To me, Confidence comes through wrestling: Helen Maroulis

Sports |  Suryaa Desk  | Published :

Mmbai : If you thought Dangal was inspiring stuff for budding female sportspersons across the world, you must listen to Helen Maroulis, who became the first-ever American to win a gold medal in women's freestyle wrestling at the Rio Olympics last year.


Greeting you with an infectious smile adorning her pretty face, the champion grappler who is on her maiden visit to India and apparently struggling to control the urge to gorge on some butter chicken, tells you how she was drawn to wrestling because she wasn't proving to be good enough at any other sport.


"I started wrestling when I was seven. Every other sport that I played I was asked to quit. So, gymnastic, ballet, diving...you know your 'girl sports...' instructors would ask my mom to not bring me back," Maroulis tells TOI on the sidelines of a promotional event for PWL-3 which gets underway in January. "I would just cry and shut down, and I didn't like being watched.

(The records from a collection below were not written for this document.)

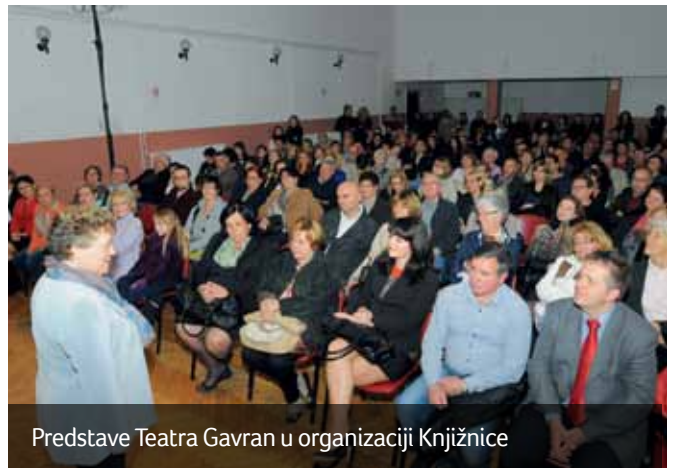
Predstave Teatra Gavran u organizaciji Knjižnice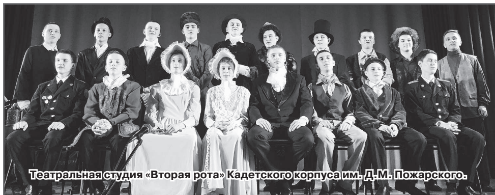
Театральная студия «Вторая рота» Кадетского корпуса им. Д.М. Пожарского.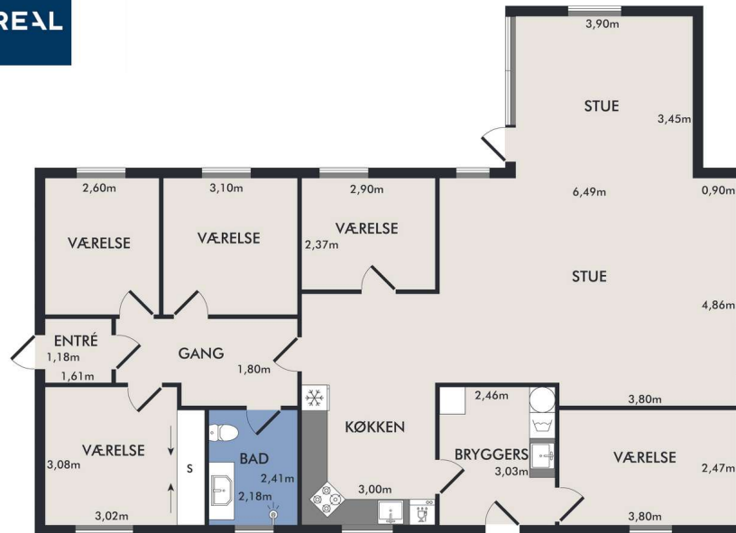
Vejledende plantegning uden ansvar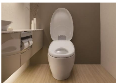
人が近づくと、便ふたが開く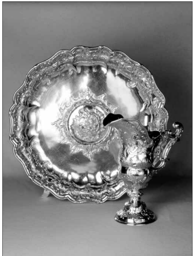
Augsburgi aranyozott ezüst mosdókészlet (1763/64)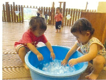
らっこ組 水冷たくて気持ちいいね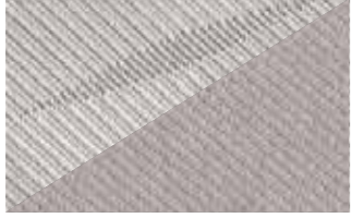
Waxe Lama Cloth/Sergor Lama Cloth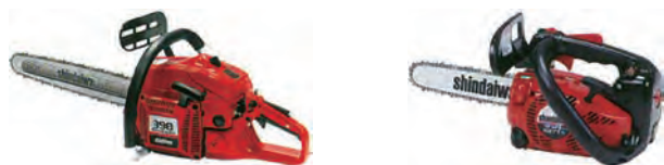
エンジンチェーンソー エンジンチェーンソー(小型)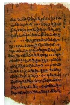
Blad uit een van de 4 Veda's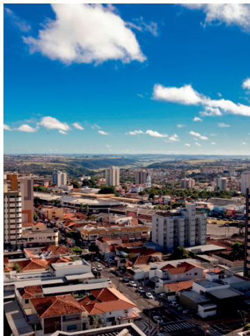
Vista Marília; cidade está entre melhores

Em sua sexta edição, o Ranking de Competitividade dos Municípios busca avaliar como as cidades brasileiras estruturam políticas públicas capazes de gerar desenvolvimento,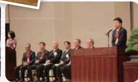
●H27.3.28 / 太田市合併10周年記念式典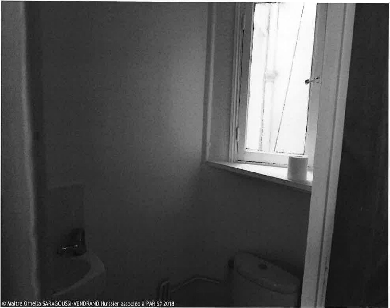
© Maître Ornella SARAGOUSSI-VENDRAND Huissier associée à PARIS# 2018

Ornella SARAGOUSSI-VENDRAND Huissier de Justice 8 rue de Ventadour 75001 PARIS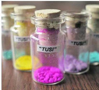
Autoridades sanitarias y expertos alertan sobre el aumento de casos graves asociados al consumo de "tusi" en Colombia.

De acuerdo con la organización Échele Cabeza, dedicada al análisis de sustancias y reducción de riesgos, en muestras analizadas en Colombia se detectó preliminarmente la presencia de xilacina, un potente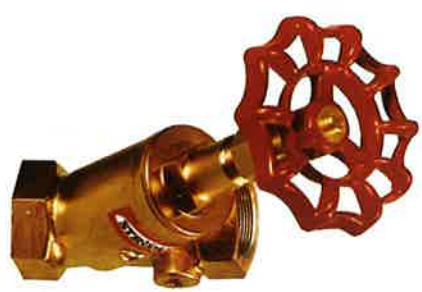
4115A - um 1960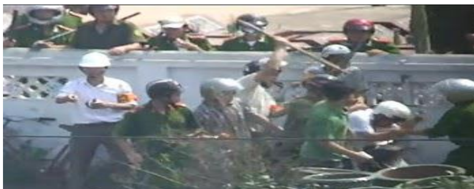
Một đám công an mặc sắc phục lần thường phục đang đánh một người dân ở Văn Giang ngày 24-4-2012.

“Chính quyền huyện Văn Giang, tỉnh Hưng Yên, đã huy động lực lượng hùng hậu gồm hàng ngàn cảnh sát cưỡng chế các nông dân kiên quyết bám trụ không giao đất để xây dựng khu đô thị thương mại-du lịch Ecopark. Một số hình ảnh video được đưa lên mạng sau đó cho thấy đã có hành động bạo lực mạnh tay của lực lượng cưỡng chế đối với những người nông dân phản kháng. Trong một video gần 10 cảnh sát và những người mặc thường phục đeo băng đỏ đã xông vào dùng dùi cui và tay chân đánh hội đồng một nông dân không vũ khí. Sau đó có nhiều tiếng ồn ào và có tiếng nổ.”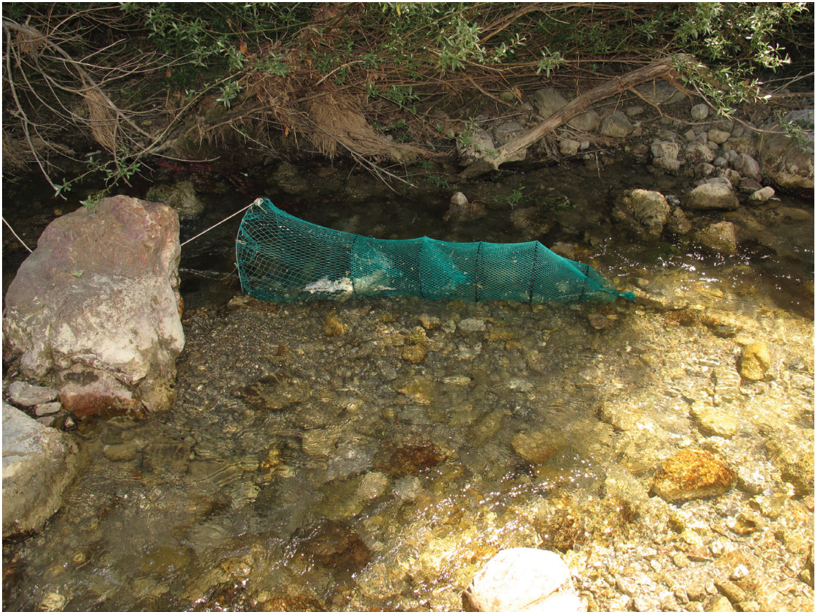
Esempio di nassa utilizzata per il campionamento ittico.

sportiva) che di tipo “bertovello” o “martavello” a chiudere tratti di torrente di moderata larghezza e profondità. Le nasse sono state calate ed appoggiate sul fondale, nelle acque di media profondità (circa 1 m) e lasciate in posa tutta la notte per essere poi controllate la mattina seguente. Nei punti a maggior profondità e a corrente moderata è stata impiegata una rete a bilancia manuale.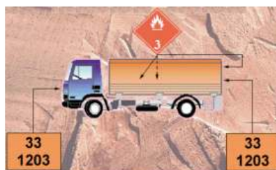
Vehículo de carga general con una mercancía peligrosa en cantidad superior a la excenta y varias no peligrosas (descartadas las incompatibilidades).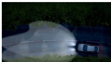
Aktivno prilagajanje svetlobnega snopa 'Ford Dynamic LED'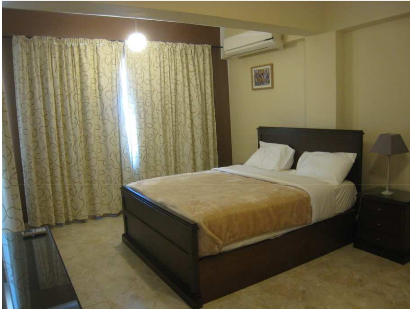
Chambre à grand lit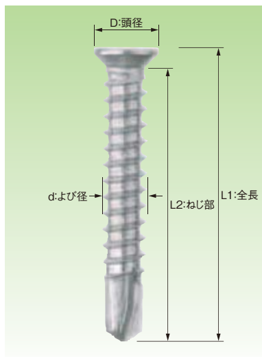
■三価ユニクロ サラ D=6 粗目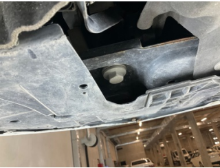
Tampon, ön, Tampon koruyucu orta > Sabitlemesi Hatalı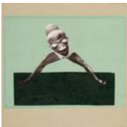
Hannah Höch, Ohne Titel (Aus einem ethnographischen Museum), 1929, Museum für Kunst und Gewerbe Hamburg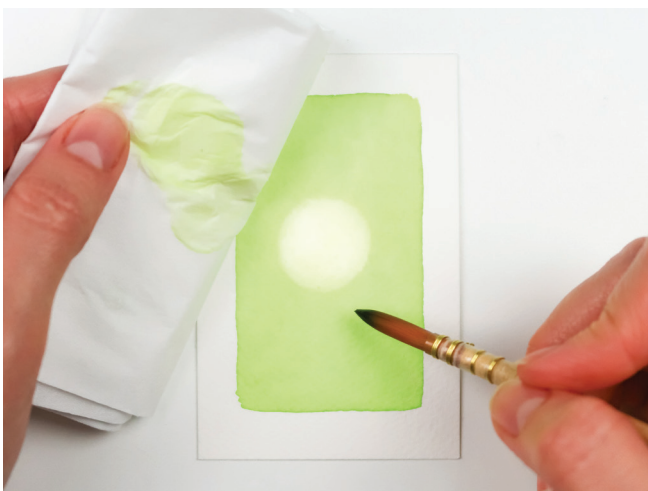
Faire du retrait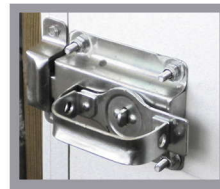
CHAPA GALVANIZADA DE USO RUDO MEDIDAS 4 1/2" X 3 5/8"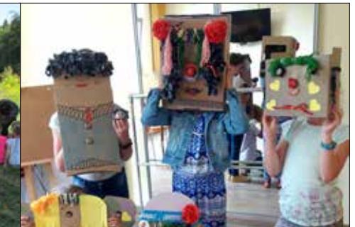
Józefinkowe stworki - potworki

towarzyszy nam kiedy patrzemy w przebijające się przez gałęzie drzew słońce, a które Japończycy określają słowem komorebi. Myślę, że uczestnicy realizowanego przez GCK bloku imprezowego nie narzekali na brak ruchu, ponieważ staraliśmy się codziennie sporo czasu spędzać aktywnie na świeżym powietrzu. W tej dziedzinie nasi instruktorzy także wykazali się dużą kreatywnością.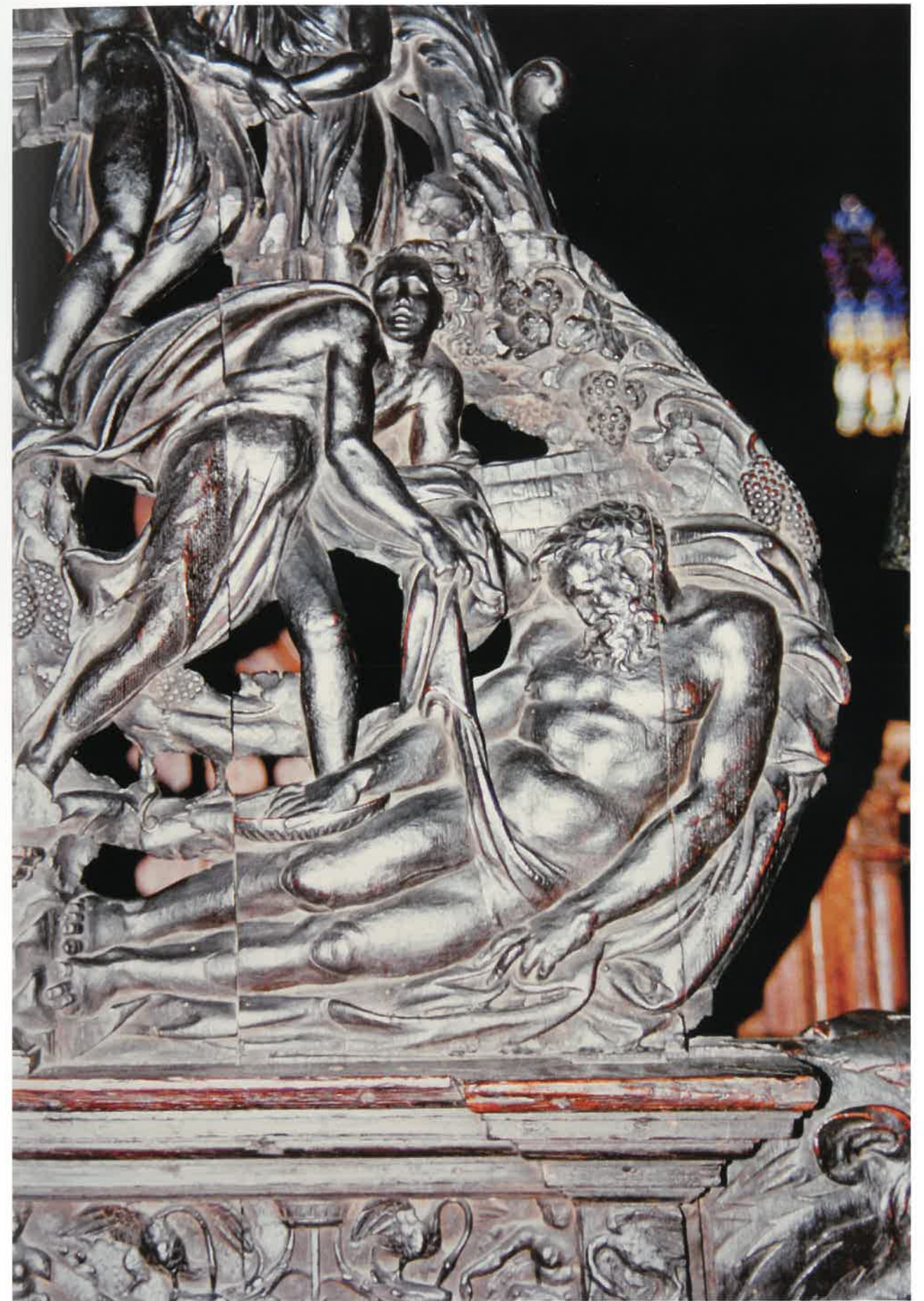
Derecha: Embriaguez de Noé, representado en el coro de la catedral de Barcelona.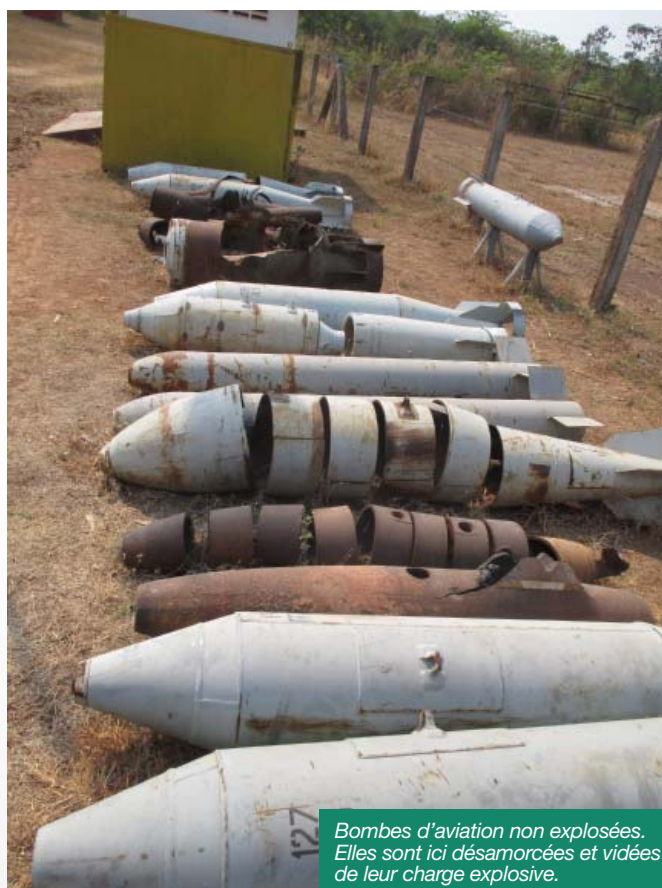
Bombes d'aviation non explosées. Elles sont ici désamorçées et vidées de leur charge explosive.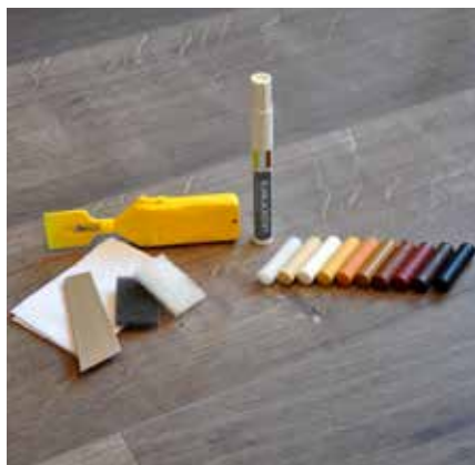
Hartwachs-Reparaturset Artikel-Nr. 1101060150

Für die Reparatur von kleinen Schäden in Bodenoberflächen (z.B. Kratzer, Druckstellen, kleine Löcher).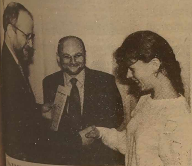
NA ZDJĘCIU: podczas wręczania stypendiów.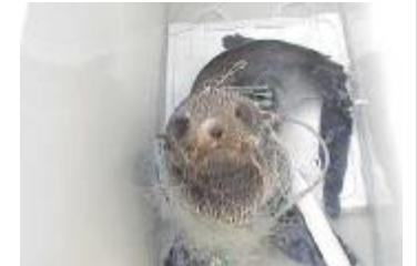
海ごみが絡まったオットセイ

※マイクロプラスチック 5mm以下の微細なプラスチックごみのこと。海の生き物が餌と間違えて食べることで、吸着した化学物質が取り込まれ、生態系に影響を与えることが懸念されている。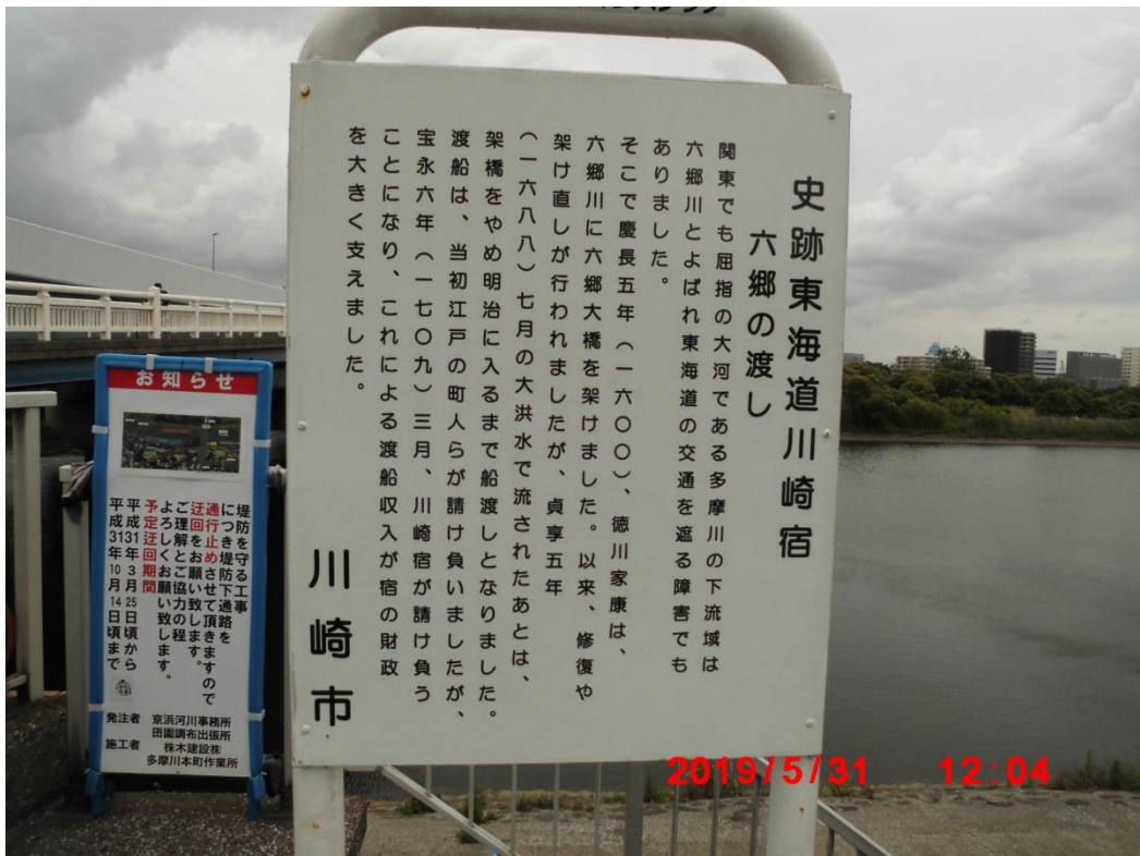
六郷の渡しの案内版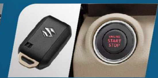
PUSH START/STOP BUTTON & REMOTE (SUZUKI SPORT & GX)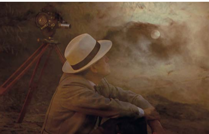
Tren de sombras (José Luis Guerín, 1997)

A les tasques de conservar, restaurar i preservar, la Filmoteca no pot renunciar a afegir la de difondre. Per a això, en el context digital predominant en l'exhibició cinematogràfica, és imprescindible la posada en marxa d'un pla sistemàtic que aquest primer any ha digitalitzat 8 llargmetratges i 8 curtmetratges realitzats a Catalunya a partir dels anys 40 del segle passat i dels quals no es disposa de còpies digitals. Aquests títols s'afegiran al catàleg Bàsic del Cinema Català i Singulars de la Filmoteca, que ja compta amb 25 llargs i 40 curts en suport digital.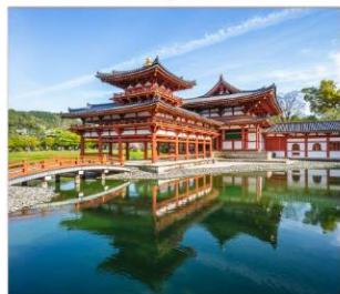
วัดเนียวโตอินและ ถนนซาเวียว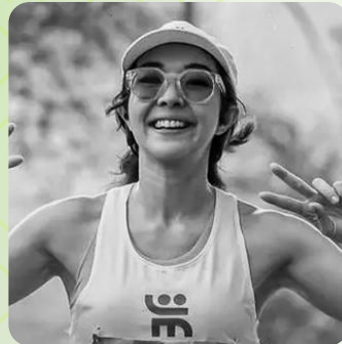
GISELLA ANASTASIA penyanyi dan selebriti Indonesia yang dikenal gemar berlari, sering mengikuti berbagai event lari sambil tetap aktif di dunia hiburan.

So, people think that you only do women's wrestling if you're tough. Like only 'tough women' do it. But I say: 'No.' Because I had no toughness. In fact, I was shy and scared. Wrestling made me confident in myself. And that helps in all areas of life as a woman. You want to have confidence in your marriage, studies, relationships, business, and whatever you want to do. A sport like wrestling helps you teach that."


Besides her Olympic heroics, the 26-year-old grappler had also won a gold medal at the World Wrestling Championships in Las Vegas a couple of years ago, but there were challenges to overcome at the start of her career.


"After my first year of wrestling, my parents came to me and said: 'You've to quit wrestling.' This was back in 1999. They said: 'It's not an Olympic sport. There's no future. We don't want our daughter to grow up wrestling boys. You're in high school and that's weird. No way!'" recalls the Rockville-born-wrestler.


"And then two months later, they announced that women's wrestling was going to be in the Olympics. And so my parents came back to me and they said: 'If you want to do this, there's a future now. So, I was like: 'This is what I want to do.'"


As a budding grappler, Maroulis had to negotiate the challenges that tend to confront many girls who chose her sport. "Growing up, I had to wrestle with boys. And sometimes the boys were mean. Sometimes, the coaches and parents didn't like me. People said things, or they tried to hurt me or they tried to make me quit, or they wouldn't coach me," she says.